[v2] ocfs2: return error when we attempt to access a dirty bh in jbd2
diff mbox

Message ID 5A6C3809.3010701@huawei.com
State New
Headers show

Commit Message

piaojun Jan. 27, 2018, 8:27 a.m. UTC
We should not reuse the dirty bh in jbd2 directly due to the following
situation:

1. When removing extent rec, we will dirty the bhs of extent rec and
   truncate log at the same time, and hand them over to jbd2.
2. The bhs are submitted to jbd2 area successfully.
3. The write-back thread of device help flush the bhs to disk but
   encounter write error due to abnormal storage link.
4. After a while the storage link become normal. Truncate log flush
   worker triggered by the next space reclaiming found the dirty bh of
   truncate log and clear its 'BH_Write_EIO' and then set it uptodate in
   __ocfs2_journal_access():

ocfs2_truncate_log_worker
  ocfs2_flush_truncate_log
    __ocfs2_flush_truncate_log
      ocfs2_replay_truncate_records
        ocfs2_journal_access_di
          __ocfs2_journal_access // here we clear io_error and set 'tl_bh' uptodata.
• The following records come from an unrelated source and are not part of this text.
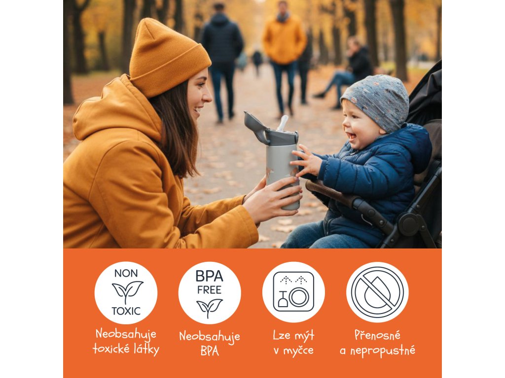 Jednoduché pitie pre deti: Mäkký silikónový náustok a slamka podporujú samostatnosť pri pití.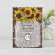 Sommar- eller fallträdgårdsbröllopsinbjudan med en vacker orange av gult solblommor bouquet, en stor genomskinlig mynning burk och band av tinkle ljus på en mörk av bruna lingelträ. Inbjudan lämpar sig för trädgårdsbakgård utomhus/land/sommarnatt eller höstgård, bröllop, par duschar, förlovningsfester eller grillar.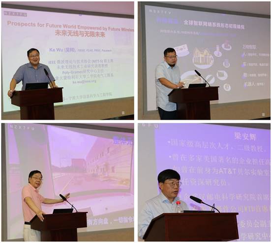 专家们在作报告中(左上:吴柯 右上:宋粱 左下:李万林 右下:粱安辉)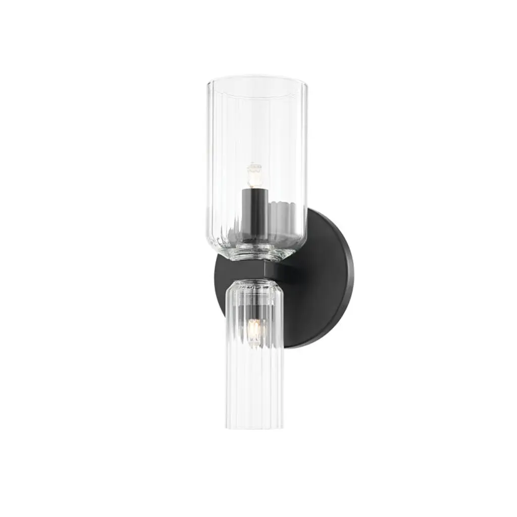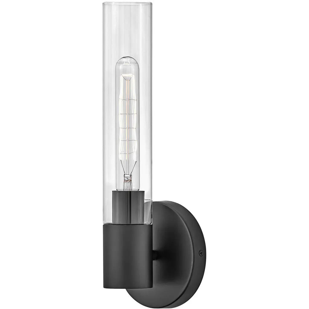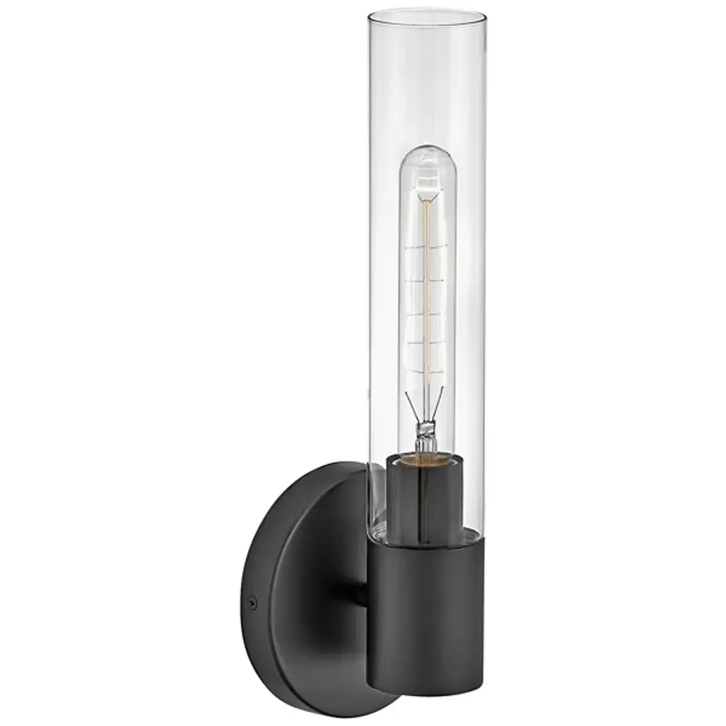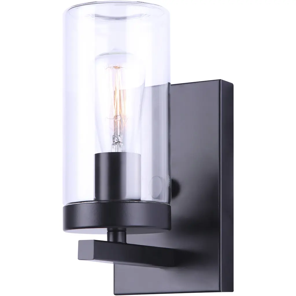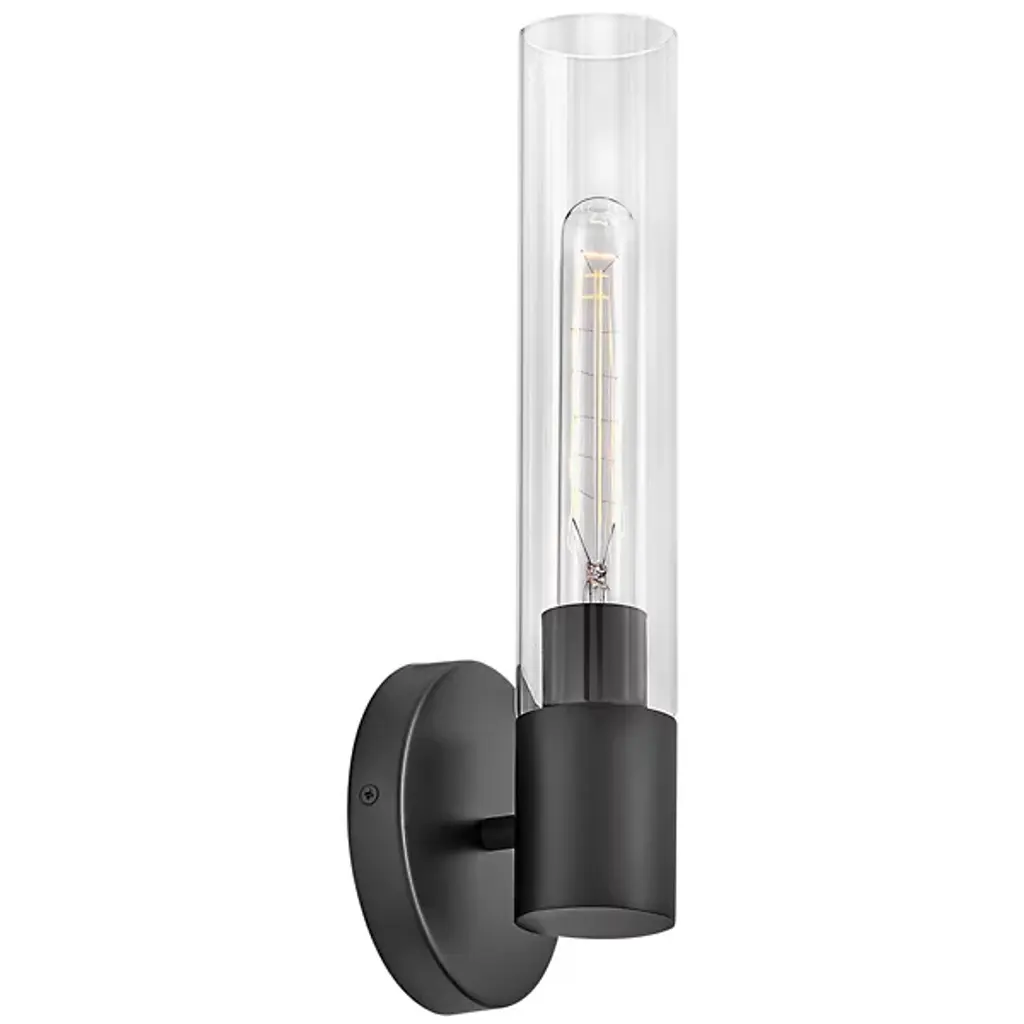 Add elegant ambiance to wall or hallway surfaces with the smooth, retro appeal of the Shea Bath Sconce from Lark. A sleek steel wall mount secures the fixture, sending out a short horizontal rod to a rounded housing for wet-listed and vintage-style lamping placed inside a cylindrical shade of clear glass. The fixture can mount up or down with ease, delivering either a reflected uplight or focused task light below while a wide wash of light extends through the sides of the clear glass shade.

5. Then jbd2 will flush the bh of truncate log to disk, but the bh of
   extent rec is still in error state, and unfortunately nobody will
   take care of it.
6. At last the space of extent rec was not reduced, but truncate log
   flush worker have given it back to globalalloc. That will cause
   duplicate cluster problem which could be identified by fsck.ocfs2.

Sadlly we can hardly revert this but set fs read-only in case of
ruining atomicity and consistency of space reclaim.

Fixes: acf8fdbe6afb ("ocfs2: do not BUG if buffer not uptodate in __ocfs2_journal_access")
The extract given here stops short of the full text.